##### Information provided #####

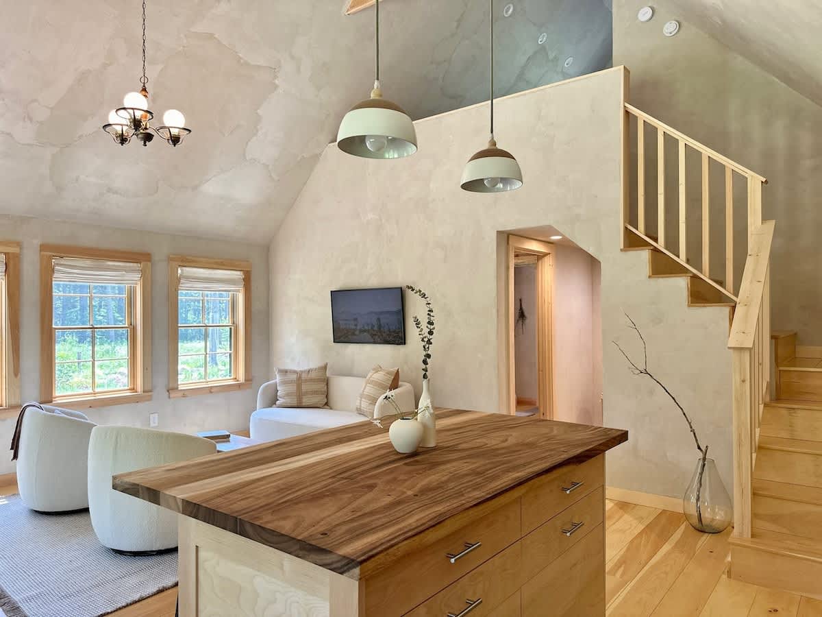 This Japandi-inspired getaway has been curated throughout and offers two bedrooms - one loft bedroom (queen) with Casper mattress and one main floor bedroom (queen) with Casper mattress - organic linens and towels, a fully stocked kitchen with four-burner electric stove and oven, oversized sink, dining kitchen island with butcher-block counter, quartzite countertops, toaster, french press coffee maker, heat and AC, curated decor, a Samsung "Frame" TV, Sonos, high speed WiFi (300 mbs), dedicated workspace, washer and dryer available for guest use, Public Goods toiletries and personal products, and seasonal flower and herb gardens...just to name a few features. Come enjoy Maine in a whole new way! Dogs welcome with a $100 pet fee.
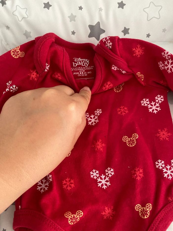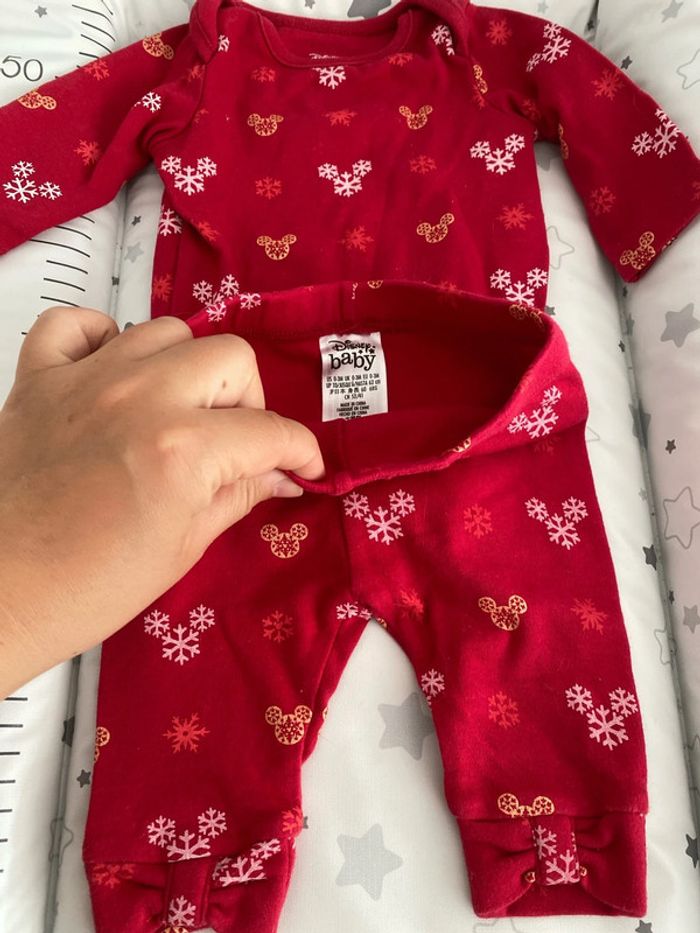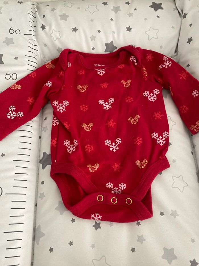 Ensemble Disney Baby 0-3 mois. Un petit pantalon tout doux excellent état aucune tache. Et un body manches longues col américain. Excellent état aucune tache. Couleur rouge
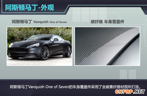 阿斯顿马丁Vanquish One of Seven采用了轻量化的设计理念,这也迎合了时下超级跑车界的发展潮流,全碳纤维打造的车身不仅能够提升其动力表现,还使新车具有更强的视觉冲击力,而这也从侧面表现出了这款全新车型的高贵身价。

#####

Description of the task
The output should be the lines from the one with "Ensemble Disney Baby" through the end of the material above, both ends included, printed exactly and nothing else. Drop the pictures.

Written solution
 Ensemble Disney Baby 0-3 mois. Un petit pantalon tout doux excellent état aucune tache. Et un body manches longues col américain. Excellent état aucune tache. Couleur rouge
 阿斯顿马丁Vanquish One of Seven采用了轻量化的设计理念,这也迎合了时下超级跑车界的发展潮流,全碳纤维打造的车身不仅能够提升其动力表现,还使新车具有更强的视觉冲击力,而这也从侧面表现出了这款全新车型的高贵身价。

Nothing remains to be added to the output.